Перед остановкой тормозили автобусы, чтобы затем отправиться по маршрутам. Номер сто пятьдесят седьмой остановился, выпустив тошнотворную струю бензинового запаха. Открылась задняя дверь, и тут же образовалась порядочная очередь. Когда подошло мое время, автобус был уже полон, пассажиры повисли на петлях, свисавших с потолка. Я кое-как втиснулась внутрь. В этих автобусах платить нужно в конце поездки. Так или иначе, мне пришлось бы признаться, что у меня нет денег, но я так боялась транспортной полиции, что ноги сами понесли меня к водителю.

– Доброе утро, – сказала я.

Водитель за пластмассовой перегородкой моргнул.

– Прошу прощения, – начала я на вежливом японском, которому меня учили в университете, – видите ли, мой кошелек украли. Не разрешите мне проехать несколько остановок бесплатно?

Мой монолог заинтересовал двух пенсионеров.

– У этой иностранки украли кошелек, – заметил один другому.

– А она неплохо говорит по-японски.

Водитель снова моргнул.

– Бесплатно? – переспросил он. – Э-э… дайте подумать, нет, простите, нам запрещено провозить пассажиров бесплатно. Почему бы вам не обратиться в полицию?

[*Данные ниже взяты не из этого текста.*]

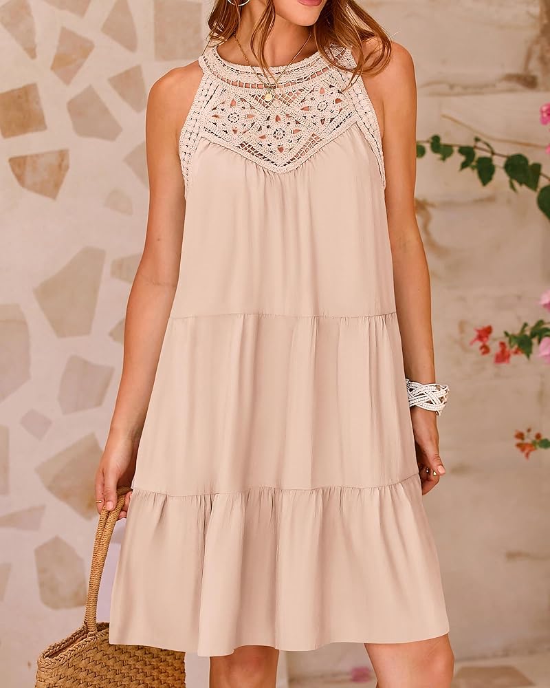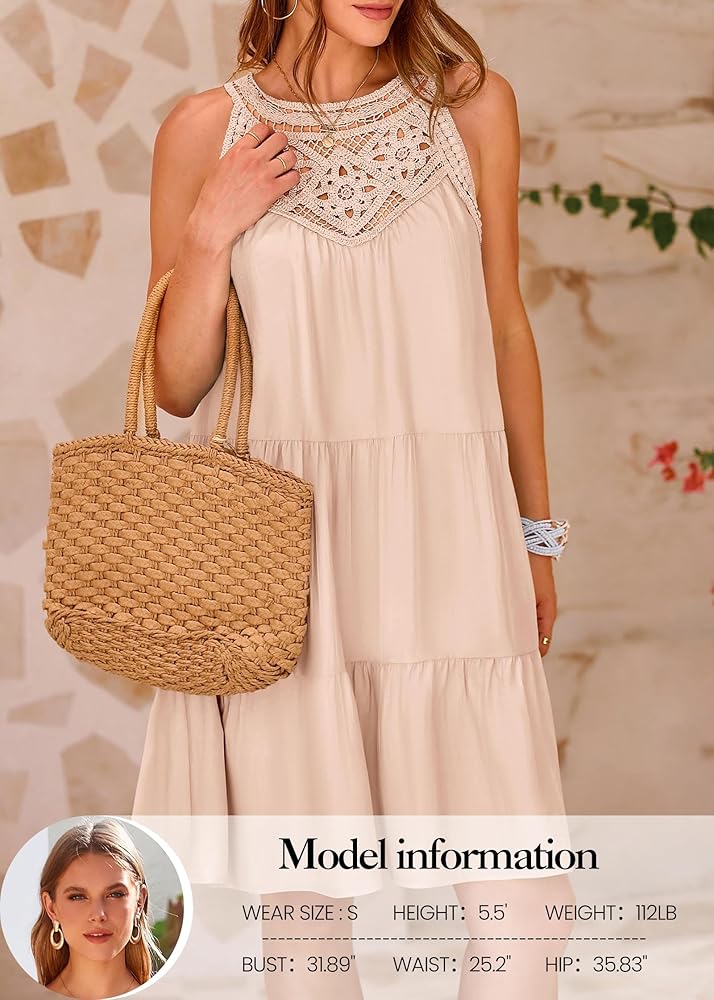 Sundresses for Women Casual Beach: With Its Captivating Hollow-Out Floral Pattern Detailing, This Halter Top Dress Sets Itself Apart From The Crowd. Step Into Summer Bliss With Our Tiered Swing Flowy Beach Vacation Dress! Boasting a Layered Design That Cascades Gracefully Down Your Body, And Flows To The Dress.

Чисто выбритый, совсем мальчишка, к тому же страдающий нервным тиком. Нашел время проявлять щепетильность!

– Ах, что вы, мне не хотелось бы беспокоить полицию. – Я попыталась пустить в ход все свое обаяние. – Мне просто нужно проехать пару остановок. Спасибо. Извините за беспокойство.

Пассажиры сзади вытягивали шеи, чтобы посмотреть, что случилось. Водитель затравленно улыбнулся. Позволить мне проехать бесплатно – это противоречило клятве, которую он давал в академии водителей автобусов!

– М-м… нет, не могу, – снова сказал он. – Нам не разрешено провозить пассажиров бесплатно.

– Ну всего пару остановок…

Я поняла, что просить бесполезно. Только доберусь до Юдзи – я выбью из него все дерьмо, только перед этим смою с волос блевотину.

– Простите, – еще раз повторила я.

Дверь с шипением открылась. Прекрасно. Пусть это будет на твоей совести, подумала я и ступила на тротуар.

На выщербленной стене остановки висела карта города. Я проследила маршрут до дома Юдзи и поняла, что пешком буду добираться целый час. Тогда я решила выйти к автостраде и добраться до американской закусочной, чтобы слегка почистить перышки в туалете. Отвернувшись от карты, я обнаружила, что ко мне ковыляет все та же старушка в макинтоше с тележкой. У нее была сгорбленная спина и седые волосы. Хрупкая клетка для остеопороза. Здесь много женщин с изуродованными позвоночниками. Юдзи говорил, что эти старушки в молодости десятилетиями горбатились на рисовых полях. Старушка остановилась в нескольких дюймах от меня.

– Опусти-ка юбку, а то я вижу твои трусики, – прокаркала она.

– Ох.

Как дурочка, я потянула юбку вниз. Моя уступчивость, кажется, только подстегнула ее. Неожиданно старушка ткнула пальцем мне в живот, от чего на макинтоше образовались складки.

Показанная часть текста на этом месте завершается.